Doping induced magnetism and half-metallicity in nanoribbons of quartic dispersion materials

TL;DR

This study explores how hole doping induces magnetism and half-metallicity in nanoribbons of quartic dispersion materials, revealing enhanced spin-polarization energies and the influence of structural confinement and edge effects.

Contribution

It provides a systematic analysis of magnetization in hole-doped quartic dispersion nanoribbons, highlighting the effects of confinement, edge passivation, and doping on magnetic properties.

Findings

Nanoribbons exhibit itinerant magnetization upon hole doping.

Half-metallic behavior is observed across a broad doping range.

Spin-polarization energies significantly increase compared to 2D materials.

Abstract

Two-dimensional (2D) quartic dispersion materials are known to develop magnetization upon doping.

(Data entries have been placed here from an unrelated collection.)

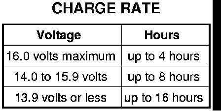 3. Battery chargers vary in the amount of voltage and current they provide. The amount of time required for a battery to accept measurable charging current at various voltages is shown in the Charge Rate Table. If the charging current is still not measurable at the end of the charging time, the battery is faulty and must be replaced. If the charging current is measurable during the charging time, the battery may be good and the charging should be completed in the normal manner.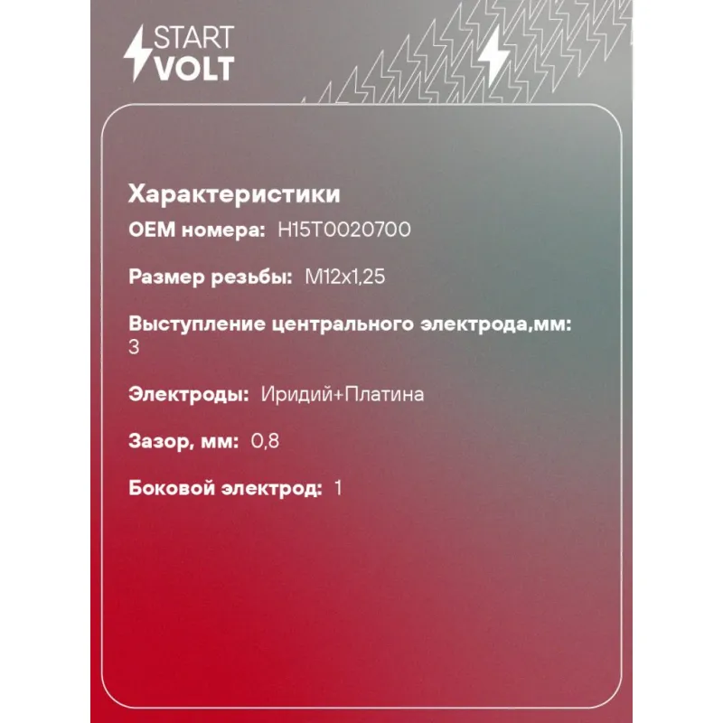 Свеча зажигания для автомобилей Changan CS55 (17-) 1.5T Ir+Pt Описание: Гарантийный срок - 2 года. Характеристики: Артикул: VSP 2723 OEM номера: H15T0020700 Резистор: Есть Момент затяжки, нм: 20-25 Ширина ключа,мм: 16 Размер резьбы: M12x1,25 Длина резьбы,мм: 26,5 Выступление центрального электрода,мм: 3 Боковой электрод: 1 Электроды: Иридий+Платина Зазор, мм: 0,8 Маркировка: IPLDKP8R-P Комплектация: Свеча зажигания - 1 шт Гарантия: от 1 года.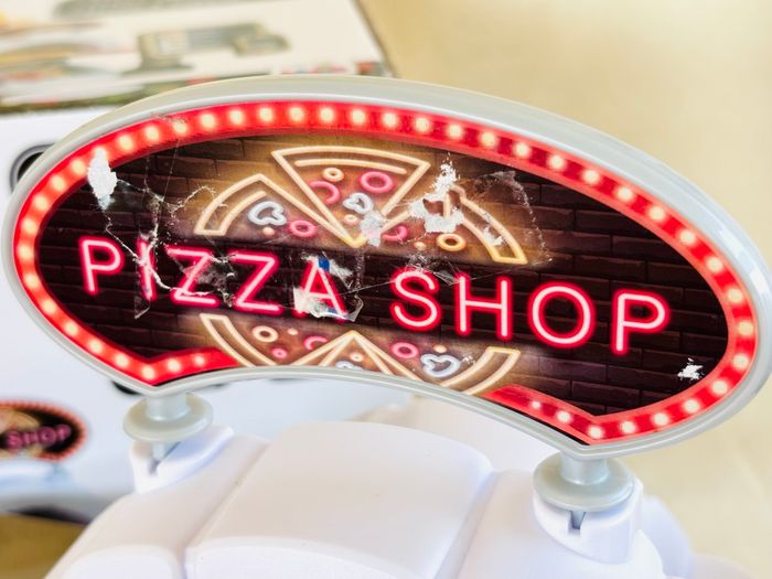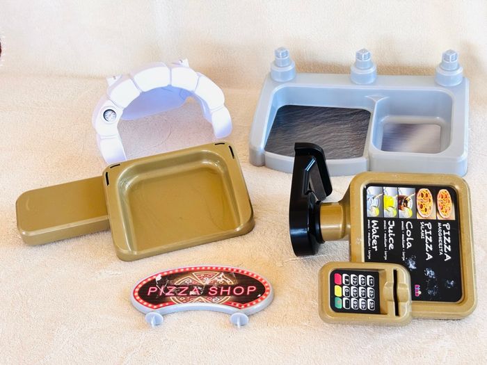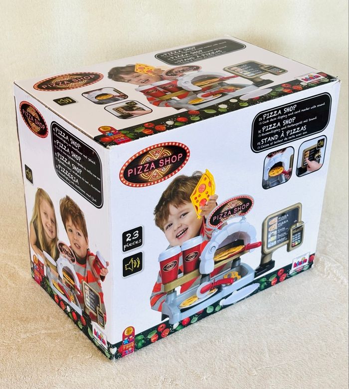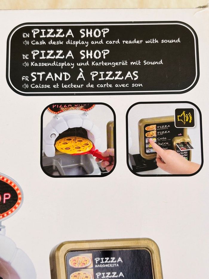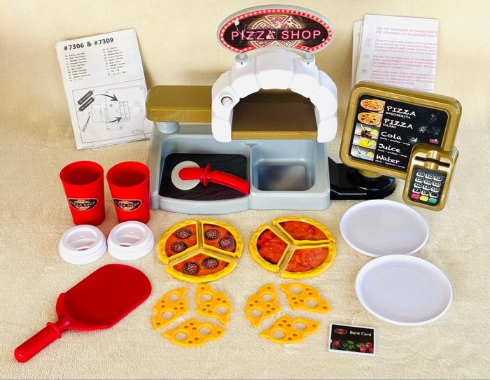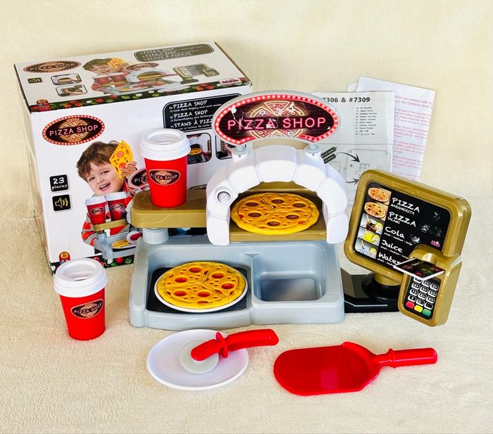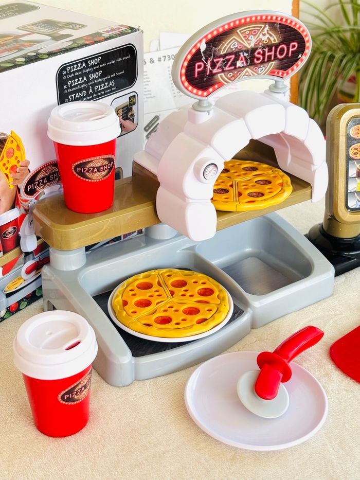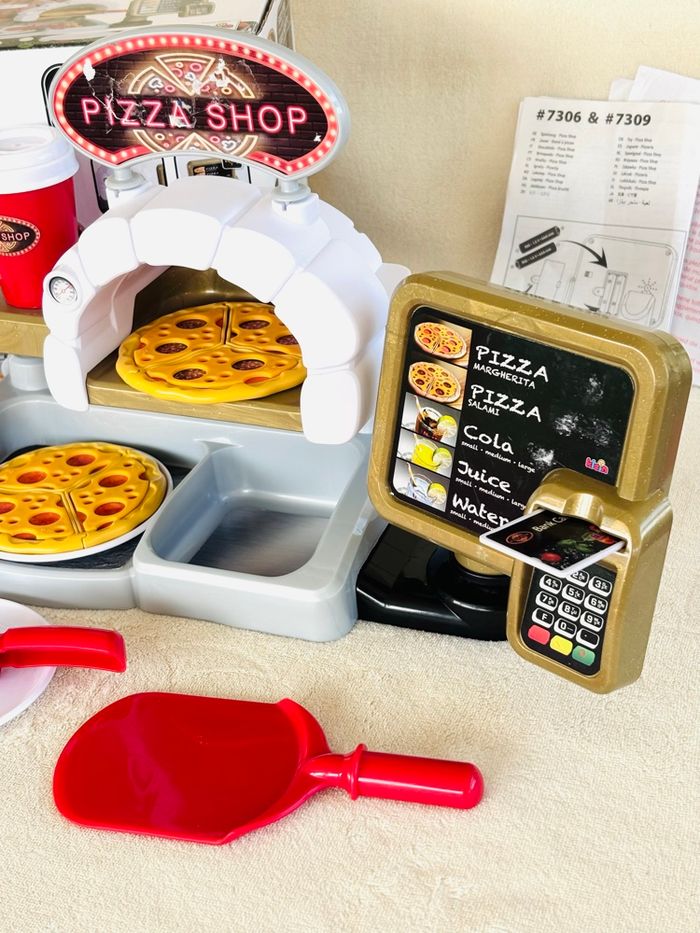 Jouet Pizza Shop avec pizzas à garnir Klein +3ans Terminal de paiement avec fonction sonore au moment de l'insertion de la carte bancaire. Partie dédiée à la préparation des pizzas avec four, bac à ingrédients et présentoir. Ecran de commande avec touches sonores En plastique. Enfants à partir de 18 mois - Pelle à pizza - Roulette à pizza - 2 gobelets avec couvercles - 2 pizzas réversibles (12 pièces) - 2 assiettes blanches - 1 carte bancaire - Notice Marque : Klein *Traces d'usure. *Sticker du panneau PizzaShop déchiré et l’écran de commande abimé avec des autres stickers ⛔️ Prix FIXES, NON négociables 🚨  👏🏻 Réductions sur les lots 👍🏻 #pizza #dinette #klein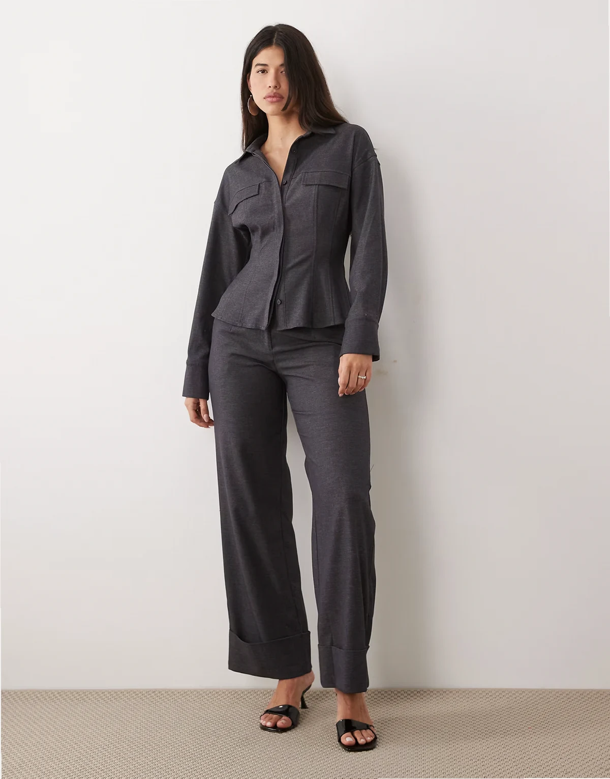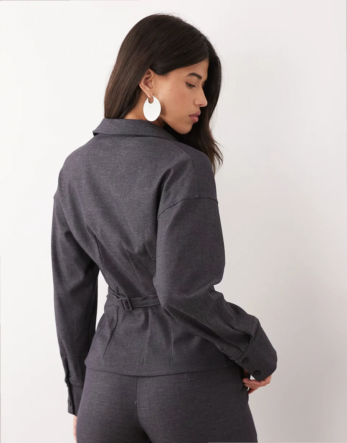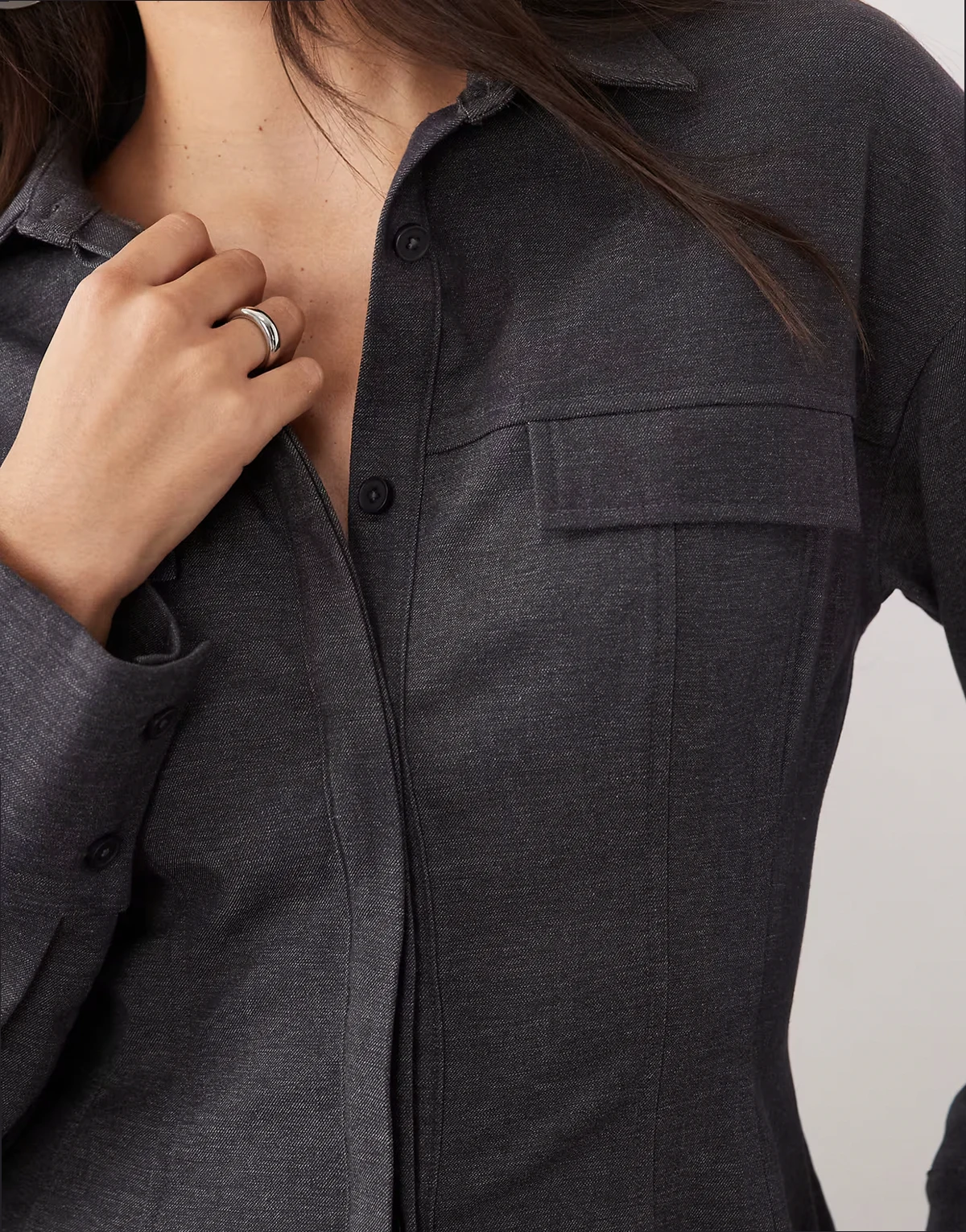 exclusive woven cinched waist seam detailing tailored stretch shirt in charcoal - part of a set
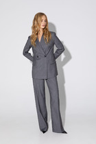 Комплект состоит из джемпера и брюк выполнен из трикотажного полотна с контрастным принтом.Характеристики: джемпер прилегающий силуэт, подплечники, рукав втачной короткий, горловина стойка, застежка по переду изделия - металлическая молния. Длина изделия 51 см, длина рукава 21 см. Брюки прилегающего силуэта, пояс брюк на резинке. Длина брюк 118 см.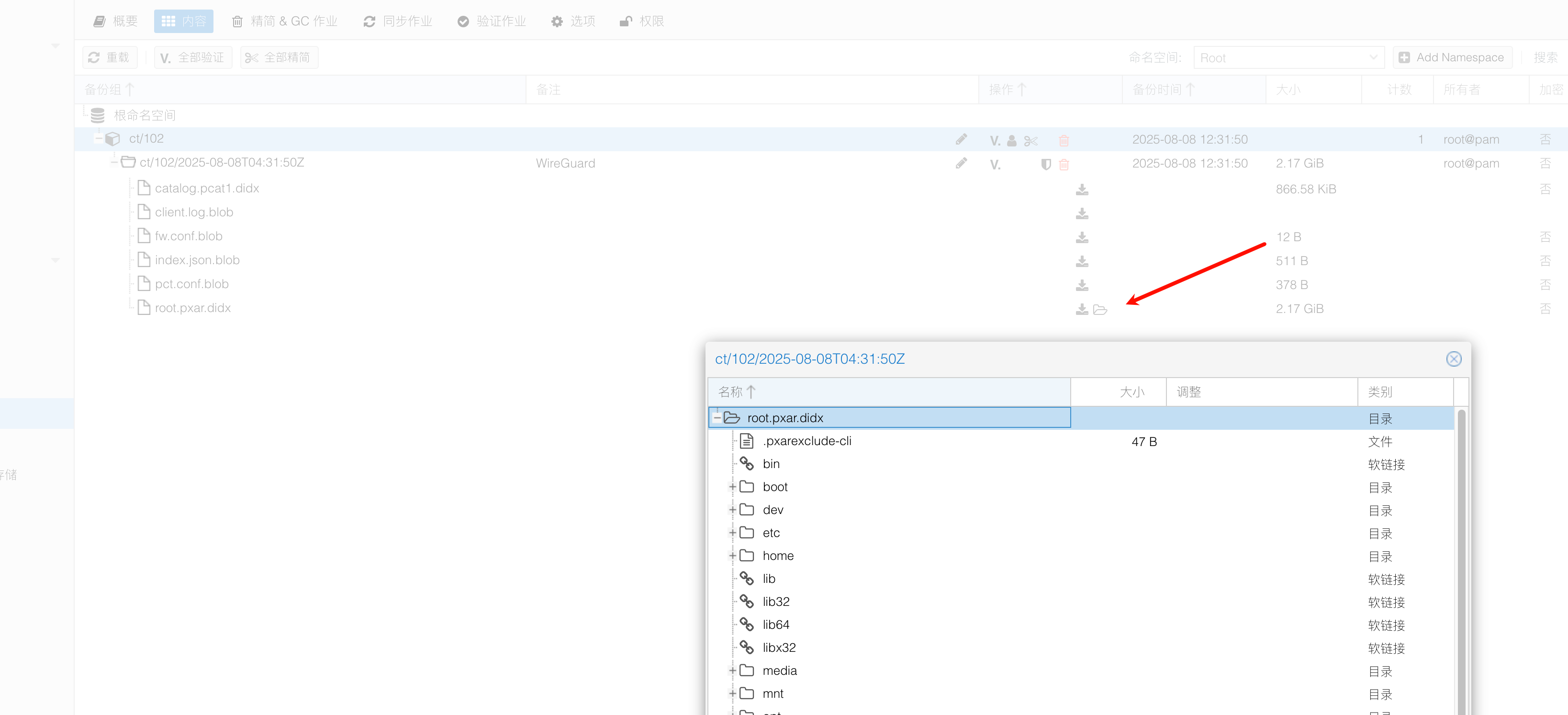 还有一点比较重要的是,PBS可以对备份虚拟机的文件进行浏览,当我们只需要找回虚拟机某个被删除的文件时候不用完全还原整个虚拟机,
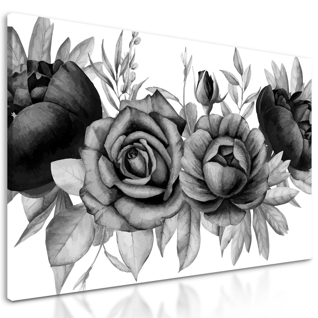 Obraz nežné splynutie ruží a listov v čiernobielom prevedení
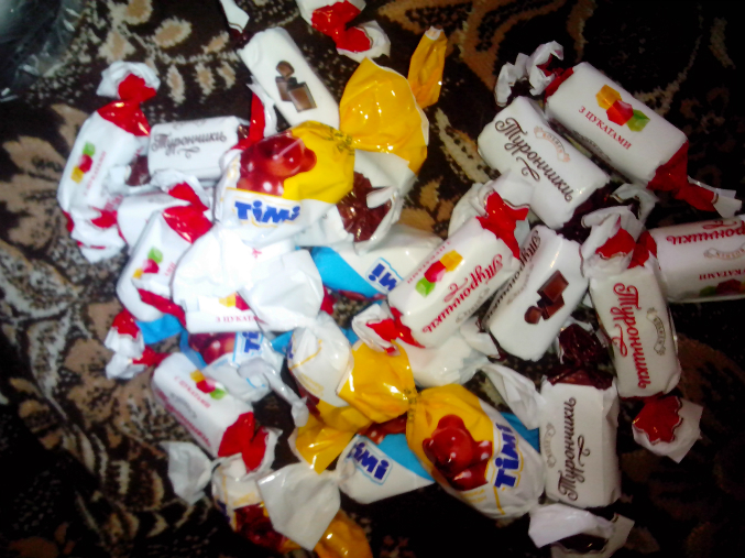 конфетки, разные разные вкусные вкусные, почему то захомячил муж, и не признается куда, вот уж сладкоежка))))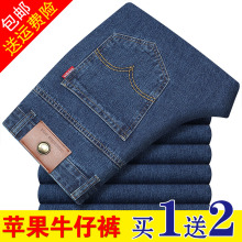 苹果牛仔裤男春秋厚款中年男士休闲长裤秋季高腰宽松牛仔直筒裤子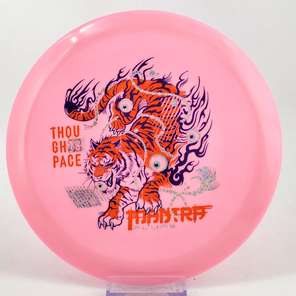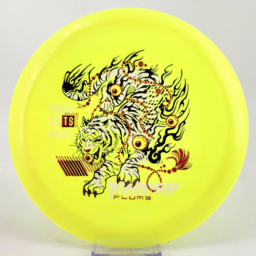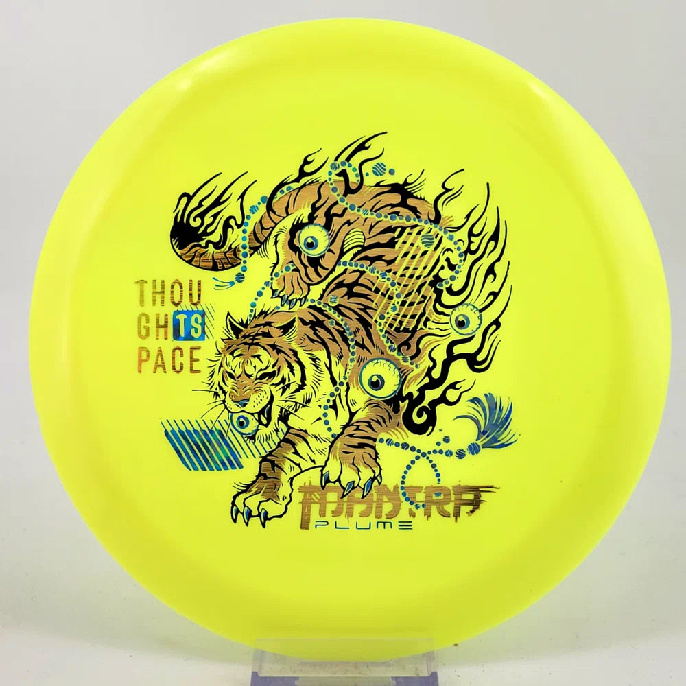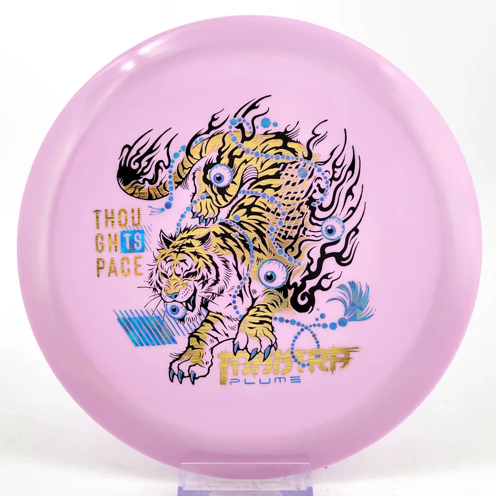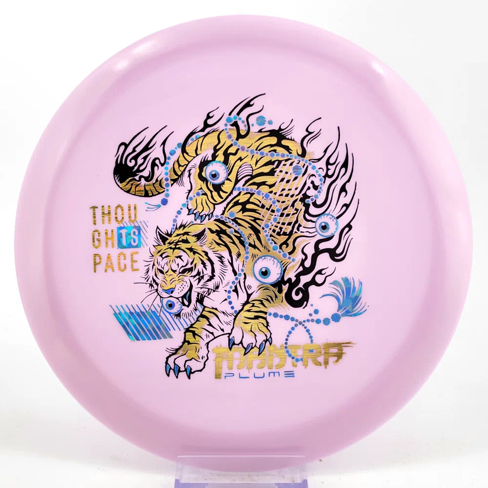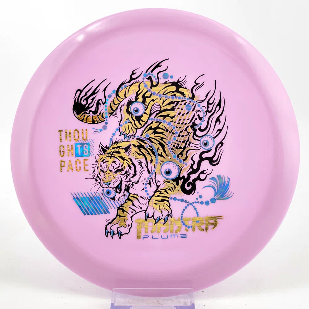 About the plastic: Plume Plastic introduces an ultralight blend that integrates microbubbles throughout the disc for evenly distributed weight reduction. The result is a disc that launches with less effort, maintains surprising stability, and glides with intention. Comparable in feel to MVP’s Fission plastic, Plume provides that same high-performance lightness with the unmistakable TSA touch — detailed, durable, and visually striking.

Here we conduct a systematic investigation of magnetization in hole-doped quartic dispersion materials (GaS, InSe, TiO$_{2}$), focusing on the effects of structural confinement from 2D monolayers to quasi-one-dimensional nanoribbons (NRs). Upon hole doping, these NRs develop itinerant magnetization across a broad range of carrier densities and display half-metallic behavior. The spin-polarization energies ($E_{sp}$) of these NRs enhance remarkably relative to their 2D counterparts, with maximum increase being in the case of TiO$_{2}$ from 31 to 103 meV/carrier. The $E_{sp}$ strongly depends on the degree of localization of the magnetic moments along the width of NRs, which is determined by edge passivation and ribbon width. Strong deformation of the topmost valence bands at higher dopings indicates deviation from the Stoner mechanism.